_What you have to do_
Leave out the pictures and retype everything else in the records below exactly.

_Material for this task_
╭──
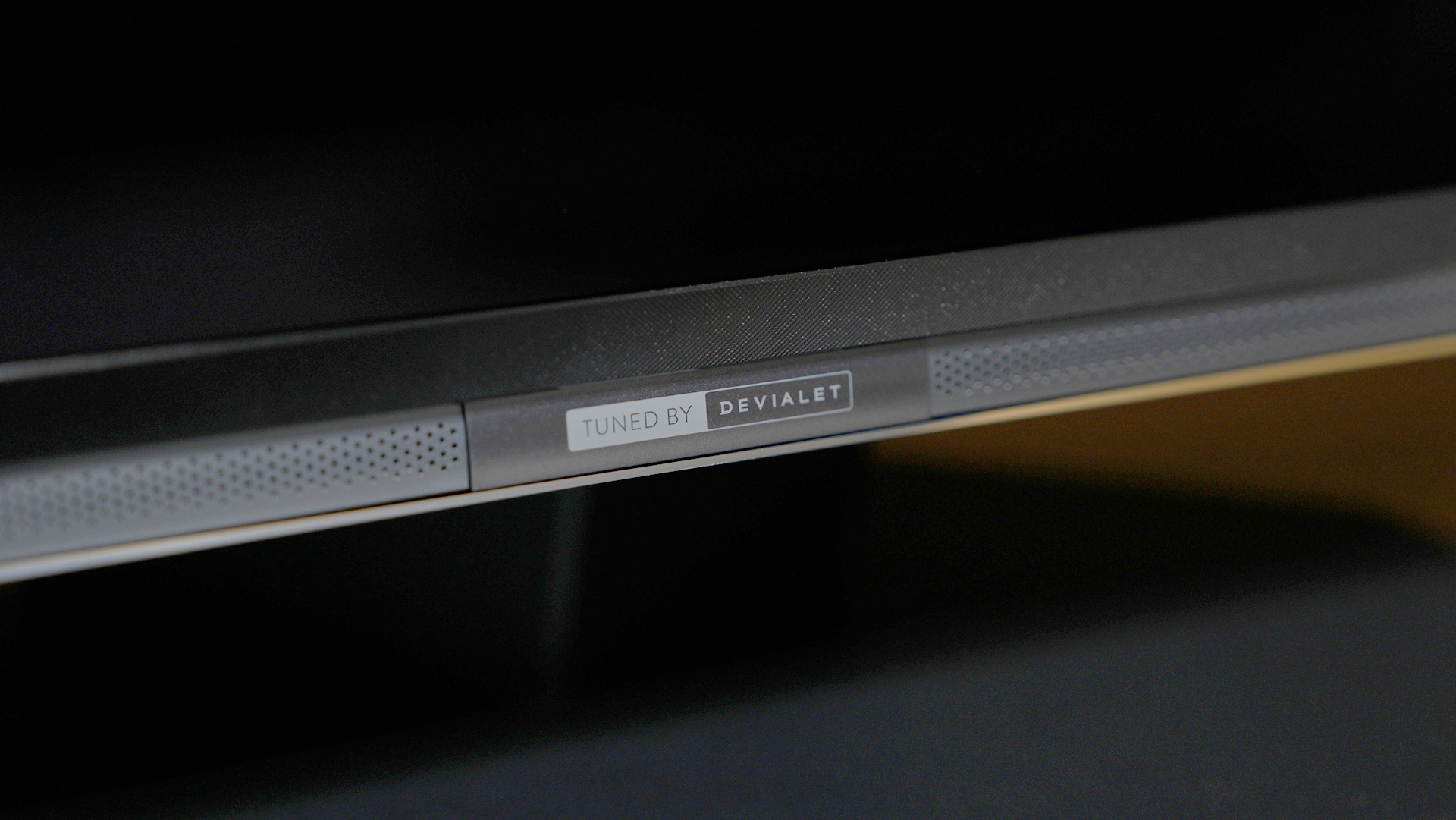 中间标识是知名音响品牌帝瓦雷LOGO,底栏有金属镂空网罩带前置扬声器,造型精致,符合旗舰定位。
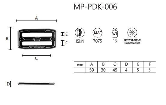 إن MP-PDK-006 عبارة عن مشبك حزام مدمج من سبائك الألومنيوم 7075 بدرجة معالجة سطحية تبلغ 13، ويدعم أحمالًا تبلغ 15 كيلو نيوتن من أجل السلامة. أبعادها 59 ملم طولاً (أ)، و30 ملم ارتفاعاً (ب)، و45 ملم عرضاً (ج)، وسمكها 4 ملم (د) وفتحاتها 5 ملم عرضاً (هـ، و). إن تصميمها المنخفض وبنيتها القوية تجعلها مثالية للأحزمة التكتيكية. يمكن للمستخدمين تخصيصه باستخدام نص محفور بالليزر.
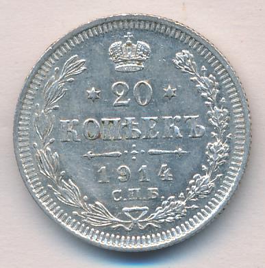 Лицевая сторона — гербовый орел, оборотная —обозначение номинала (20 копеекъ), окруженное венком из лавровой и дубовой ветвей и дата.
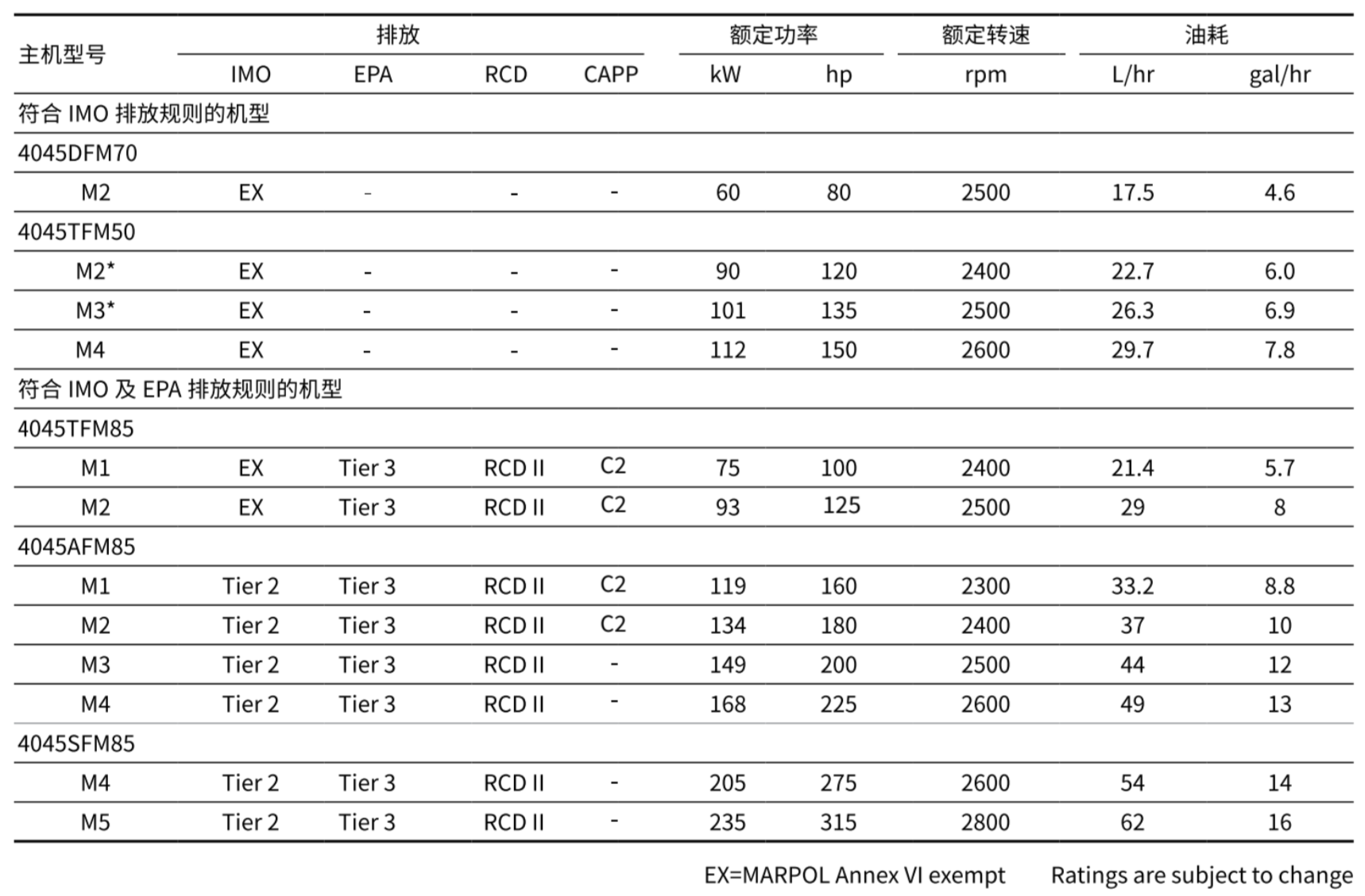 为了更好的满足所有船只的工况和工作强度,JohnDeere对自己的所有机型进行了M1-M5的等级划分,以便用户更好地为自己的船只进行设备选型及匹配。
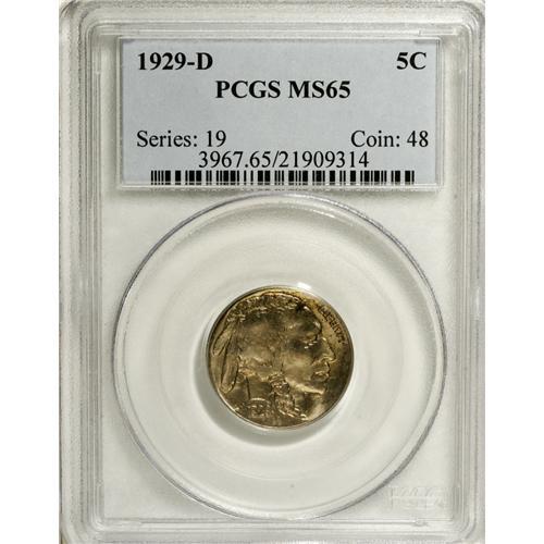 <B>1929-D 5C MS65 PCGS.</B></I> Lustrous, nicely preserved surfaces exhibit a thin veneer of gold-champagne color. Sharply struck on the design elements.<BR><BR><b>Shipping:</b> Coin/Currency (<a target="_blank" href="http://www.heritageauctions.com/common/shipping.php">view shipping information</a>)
╰──
_Response to this exercise_
 中间标识是知名音响品牌帝瓦雷LOGO,底栏有金属镂空网罩带前置扬声器,造型精致,符合旗舰定位。
 إن MP-PDK-006 عبارة عن مشبك حزام مدمج من سبائك الألومنيوم 7075 بدرجة معالجة سطحية تبلغ 13، ويدعم أحمالًا تبلغ 15 كيلو نيوتن من أجل السلامة. أبعادها 59 ملم طولاً (أ)، و30 ملم ارتفاعاً (ب)، و45 ملم عرضاً (ج)، وسمكها 4 ملم (د) وفتحاتها 5 ملم عرضاً (هـ، و). إن تصميمها المنخفض وبنيتها القوية تجعلها مثالية للأحزمة التكتيكية. يمكن للمستخدمين تخصيصه باستخدام نص محفور بالليزر.
 Лицевая сторона — гербовый орел, оборотная —обозначение номинала (20 копеекъ), окруженное венком из лавровой и дубовой ветвей и дата.
 为了更好的满足所有船只的工况和工作强度,JohnDeere对自己的所有机型进行了M1-M5的等级划分,以便用户更好地为自己的船只进行设备选型及匹配。
 <B>1929-D 5C MS65 PCGS.</B></I> Lustrous, nicely preserved surfaces exhibit a thin veneer of gold-champagne color. Sharply struck on the design elements.<BR><BR><b>Shipping:</b> Coin/Currency (<a target="_blank" href="http://www.heritageauctions.com/common/shipping.php">view shipping information</a>)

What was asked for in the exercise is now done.